What you need to do
Extract, exactly as written, the line that contains "12月07日 18:39頃、" and all lines after it through the end of the records. Omit pictures.

Recorded data

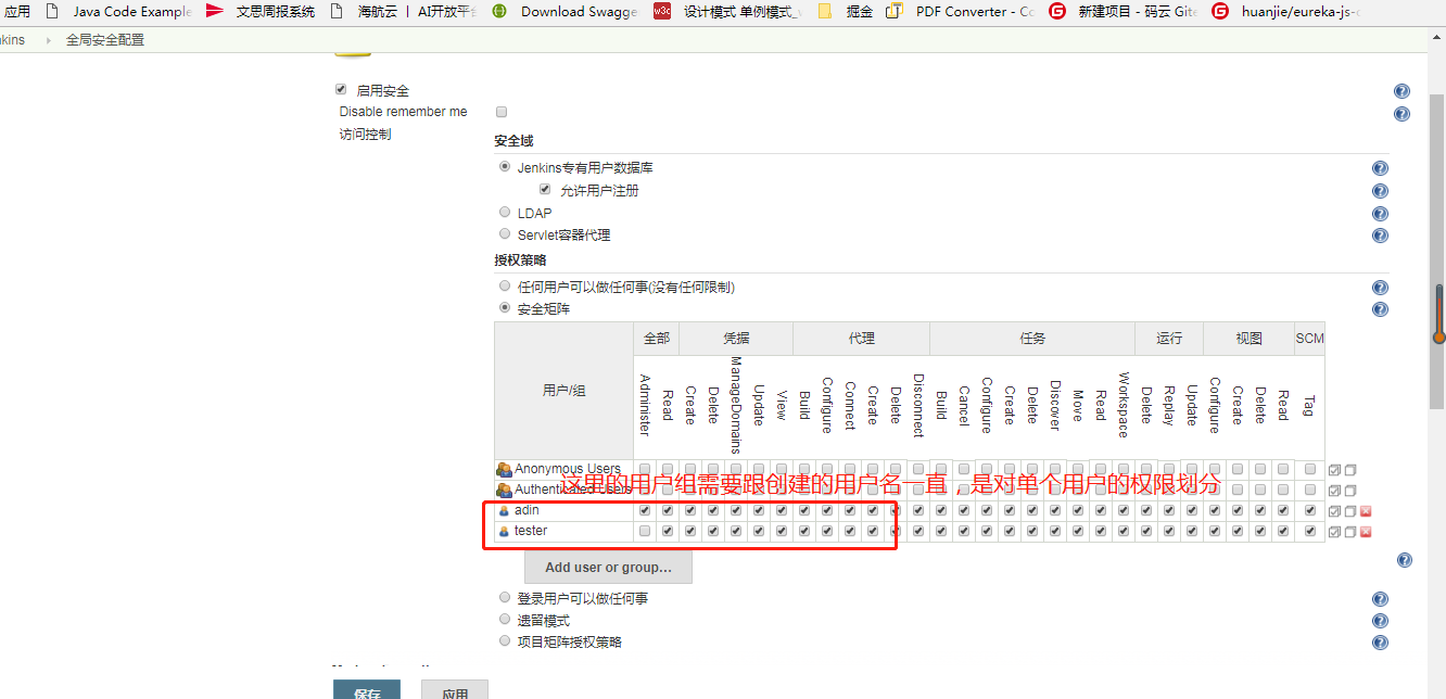Jenkins基础设置 注册admin 用户,在全局系统设置中 ,设置用户权限矩阵,实现管理jenkins用户 与使用jenkins用户的职责划分
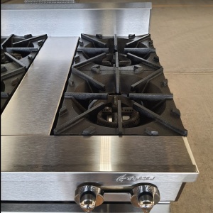 - Estufa industrial 6 parrillas con amplio espacio entre ellas, potentes quemadores «imperiales» de hierro vaciado.
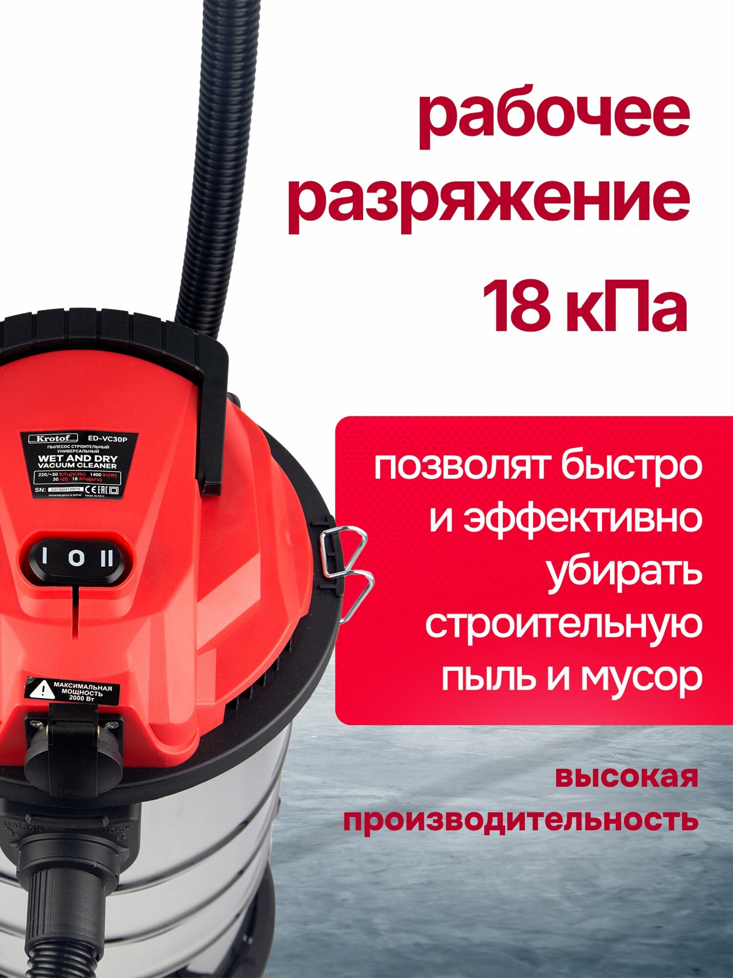 Пылесос строительный Krotof KVC30P, 30 литров, с синхронным включением электроинструмента, промышленный электрический информация:
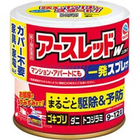 【使用方法】 (1)使用前に準備すること (1-1)部屋を閉め切り、戸棚、引き出し、押し入れなど害虫のかくれ場所になる所を開放してください。食器棚の食器は新聞紙などで覆ってください。 (1-2)寝具、衣類、飲食物、子供のおもちゃ、飼料、美術品、仏壇仏具などは、ポリ袋に入れるか、新聞紙などで覆うなどしてください。家具にはカバーは不要ですが、直接霧がかからないようにしてください。 (1-3)パソコン、ゲーム機器など記録媒体のある精密機器にはカバーをかけてください。ディスクなどは箱に収納してください。テレビなど家電製品にはカバーは不要ですが、直接霧がかからないようにしてください。 (1-4)ペットや植物、観賞魚などは、換気と掃除が終わるまで部屋の外に出してください。 (1-5)ガス警報器は反応することがあるので、プラグを抜くかポリ袋などで覆ってください。※使用後は必ず元に戻してください。(火災報知器にはカバー不要です) 【※注意】大型コンピュータの設置されている部屋では使用しないでください。移動できない水槽は、エアーポンプを止めて、ビニールで覆いをし、ガムテープで止めるなどして、完全密閉してください。 (2)アースレッドW ノンスモークを使用する (2-1)半透明のキャップを外し、本品を部屋の中央に置いてください。 ・直接火災報知器に霧があたらない場所で使用してください。霧が直接あたると火災報知器が作動することがあります。 ・缶底に塗ってある透明樹脂はすべり止めです。はがさないでください。 (2-2)カチッと音がして固定されるまでかかとを浮かし足の指で真上からゆっくりとペダルを踏んでください。薬剤が霧状になって噴射しはじめますので、直ちに部屋から出てください。 ※勢いよく薬剤が噴射されるので、顔を噴射口に近づけないでください。 ※足で踏む場合は必ずつま先で踏んでください。 (2-3)本品を噴射した後、部屋の外に出て1時間から2時間部屋を閉め切ってください。強力ワイド噴射がミクロの薬剤をすみずみまで行き渡らせ、駆除効果を発揮します。 【1缶の噴射時間(温度が25度の時)】(高温の場合は噴射時間が短くなる):約40秒※この間、入室することは避けてください。 (3)ご使用のあとで 【※注意】1時間から2時間経過してから入室してください。 【ワンポイント】 ●お使いの際は、各部屋に1個配置し、全部屋同時使用が効果的です。 ●ゴキブリの卵がかえる2週間から3週間後にもう一度使用すると効果的です。
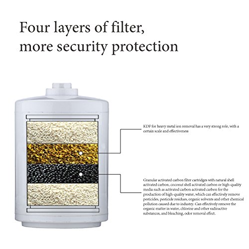 Removes over 99% of the Chlorine in your water. Prevents Bacterial Growth.The KDF granules also remove or reduce hydrogen sulfide, microorganisms, scale and water-soluble heavy metals such as lead, mercury and iron. KDF process media also kill bacteria and inhibit the growth of bacteria, algae and fungi. As an added benefit, KDF media reduce lime scale, mold and fungi in your shower. KDF process media are completely safe so the process is not toxic and does not cause any adverse side effects. Effective for both hot and cold water.
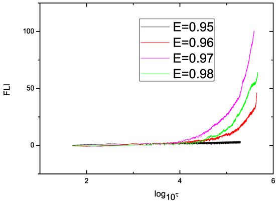 It can be seen from Figure 16 that when the energy is 0.95, the Poincare cross-section is a closed blue curve, indicating that this is an ordered orbit. When the energy is 0.96, the red curve is no longer closed and scattered points appear, and weak chaos has been generated. Look at the Figure 17 again now, when the energy is 0.95, the FLI agreed indicators were not puffed up, also indicates the orderly orbit, but when energy increase to 0.96, the red FLI agreed in a significantly upward curve, as E = 0.97, 0.98, and became warped on the more obvious, at this time as the chaotic orbits, combined with the Poincare section and the FLI, which agreed to a qualitative description when the experimental particle energy increases, the particle tracks may vary from order to chaos.
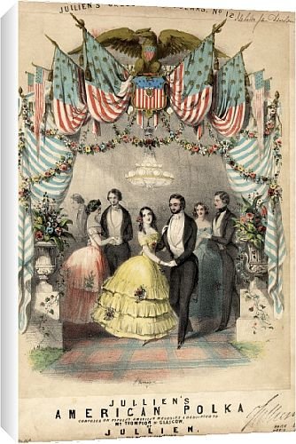 - Image Description: Music cover for Julliens American Polka (part of Louis Antoine Julliens Celebrated Polkas series), based on popular American melodies and dedicated to Mr Thompson of Glasgow. Three elegant couples are depicted, dancing at a ball. At the top is an arrangement of American flags, with an eagle above.
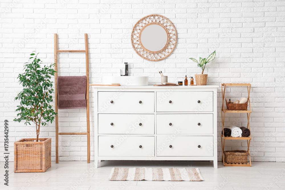 Interior of light bathroom with mirror, sink and toiletry on chest of drawers
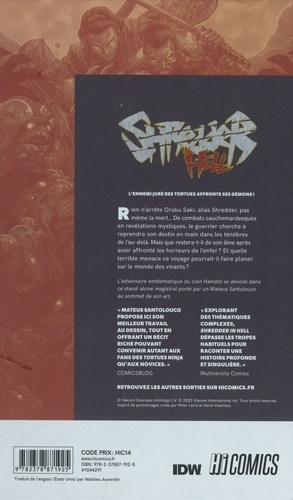 Mateus Santolouco au sommet de son art ! Rien n'arrête Oroku Saki, pas même la mort... Ainsi commence son voyage vers l'au-delà. Et cette nouvelle aventure est bien loin d'une Divine Comédie ! Que restera-t-il de l'âme de Shredder après avoir affronté les horreurs de l'Enfer ? S'enfonçant dans les ténèbres, l'ennemi juré des Tortues sera-t-il capable de repousser l'assaut de forces démoniaques ? " Explorant des thématiques complexes, Shredder in Hell dépasse les tropes habituels du comics pour raconter une histoire profonde et singulière. " Multiversity Comics " Mateus Santolouco a prouvé qu'il pouvait se mesurer aux meilleurs dessinateurs de l'industrie du comics. Shredder in Hell confirme cette réputation en offrant aux lecteurs une expérience captivante du début à la fin. " Comics Bulletin
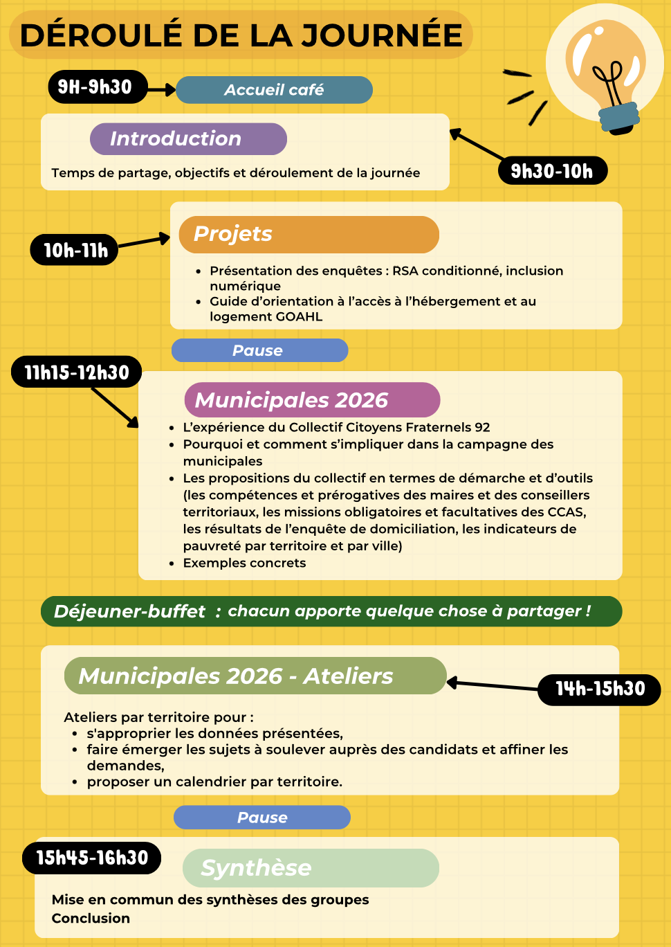 À travers des temps d’échange, des présentations de projets, des ateliers territoriaux et une réflexion collective, nous chercherons à faire émerger des propositions concrètes à porter dans le cadre des élections municipales de 2026.
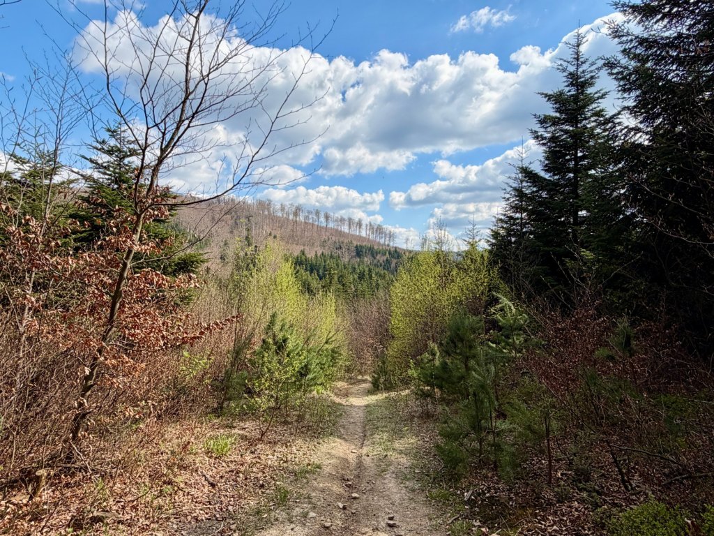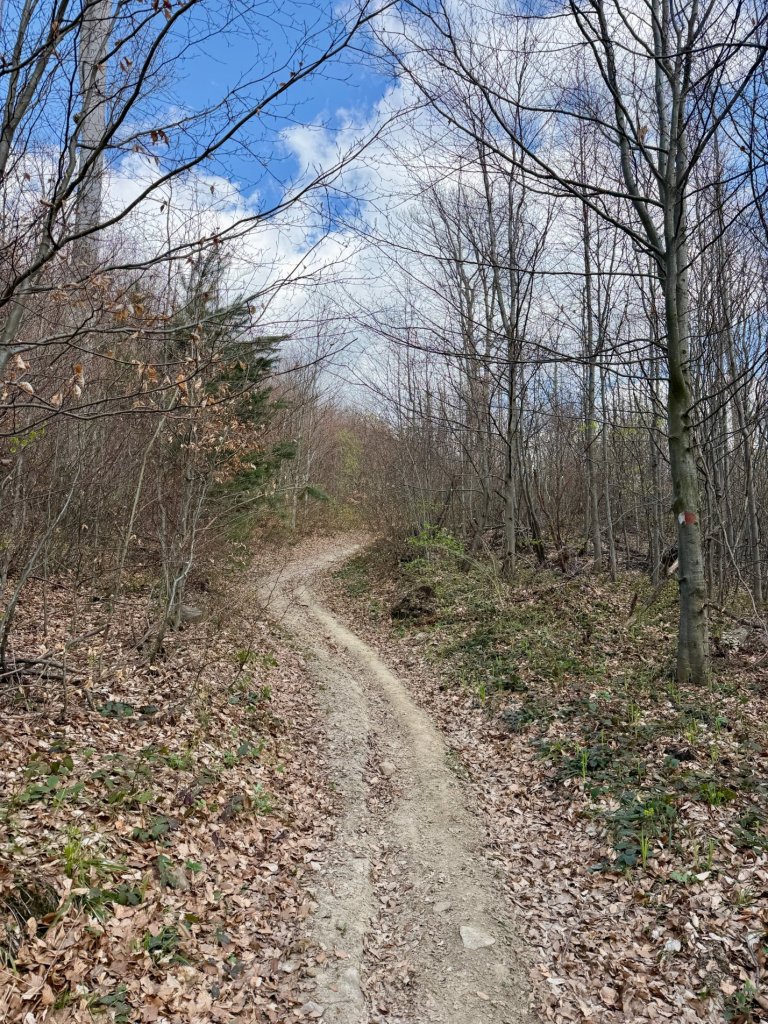 Ścieżka zaczyna się wić, raz schodzimy lekko w dół, zaraz potem podchodzimy, mijamy gdzieś z boku zabudowania wieży retransmisyjnej, ale cały czas trzymamy się oznaczeń. Co jakiś czas wychodzimy na szerszą drogę, teren jest pofałdowany i nie pozostawia miejsca na odpoczynek. I w końcu zaczyna się konkretne podejście, bo to była dopiero rozgrzewka.
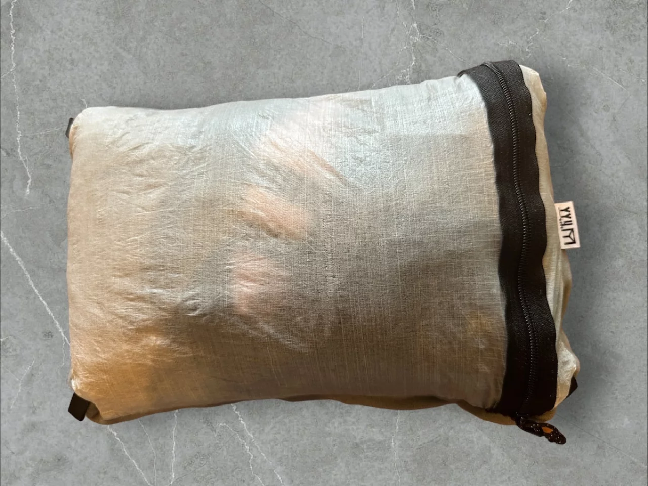 リバーシブルピローは商品名にもあるように裏返すとそして使用できる優れものです。素材はダイニーマなので、雨や汗に中のものが濡れづらく、また枕として使用する時には着用していたフェア類をこのスタッフバッグの中に入れるのですが、通気、透湿しないダイニーマなので、匂いも気になりません。
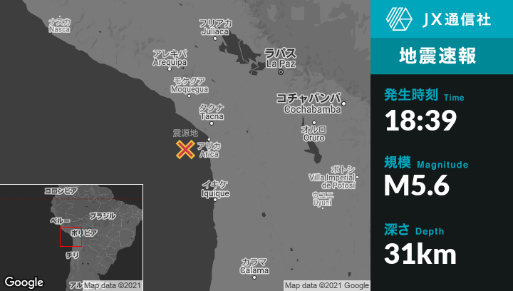 12月07日 18:39頃、チリのAricaから西南西83kmの地点でM5.6の地震がありました。
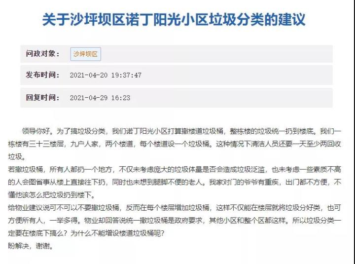 重庆收集问政平台上收到多条因撤销垃圾桶对市夷易近生活造成影响的帖文
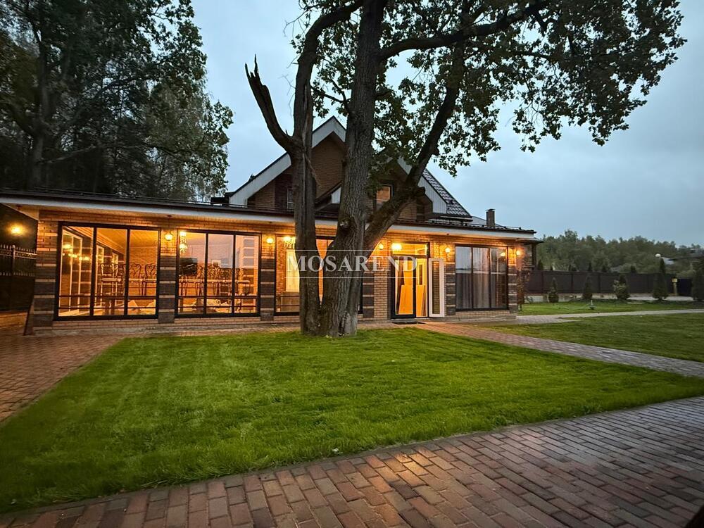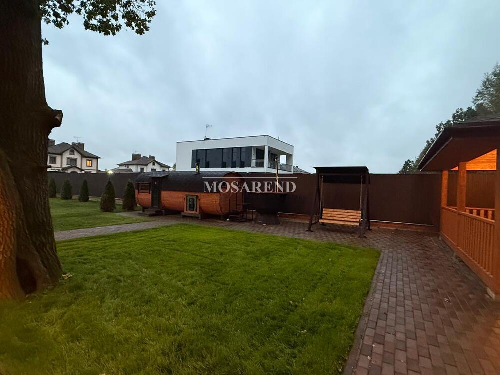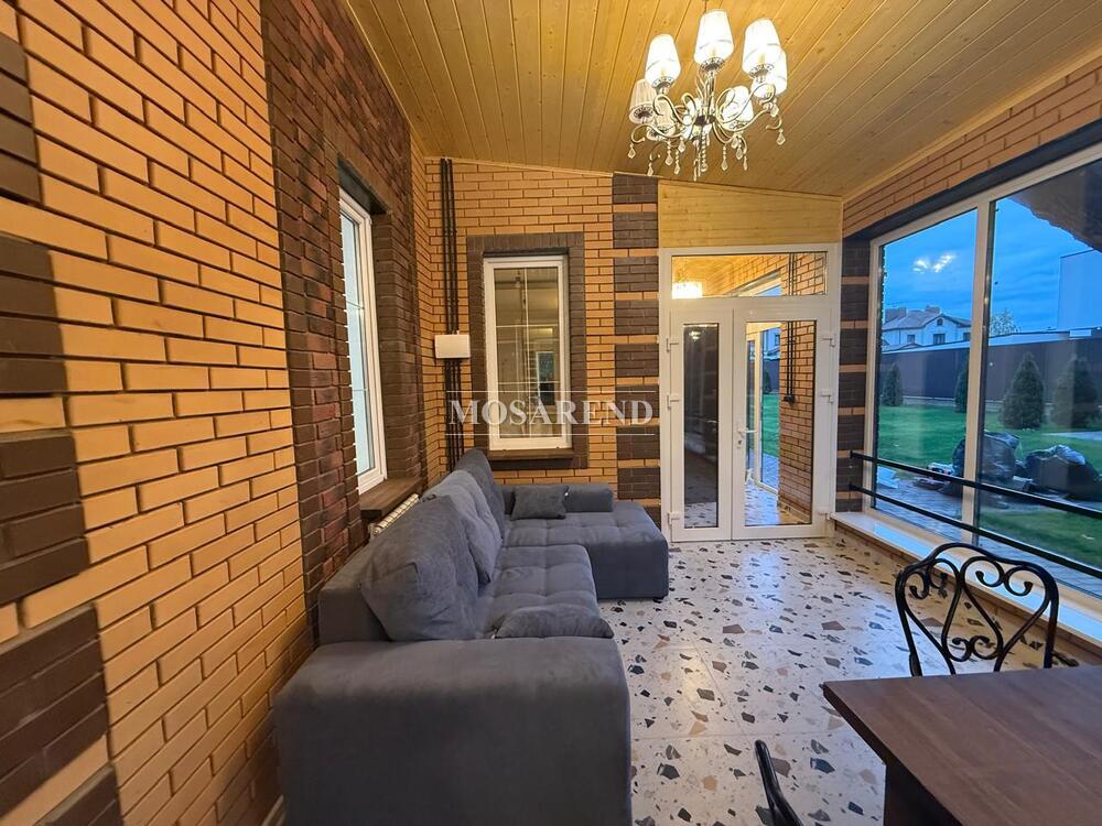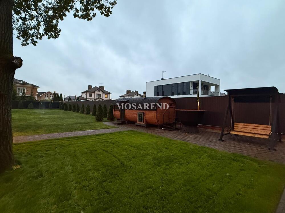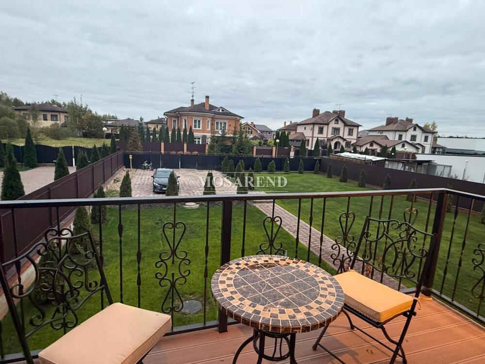 Современный двухэтажный коттедж площадью 300 м2 расположен в 37 км от МКАД по Калужскому шоссе.

Result of the exercise
 12月07日 18:39頃、チリのAricaから西南西83kmの地点でM5.6の地震がありました。
 重庆收集问政平台上收到多条因撤销垃圾桶对市夷易近生活造成影响的帖文
 Современный двухэтажный коттедж площадью 300 м2 расположен в 37 км от МКАД по Калужскому шоссе.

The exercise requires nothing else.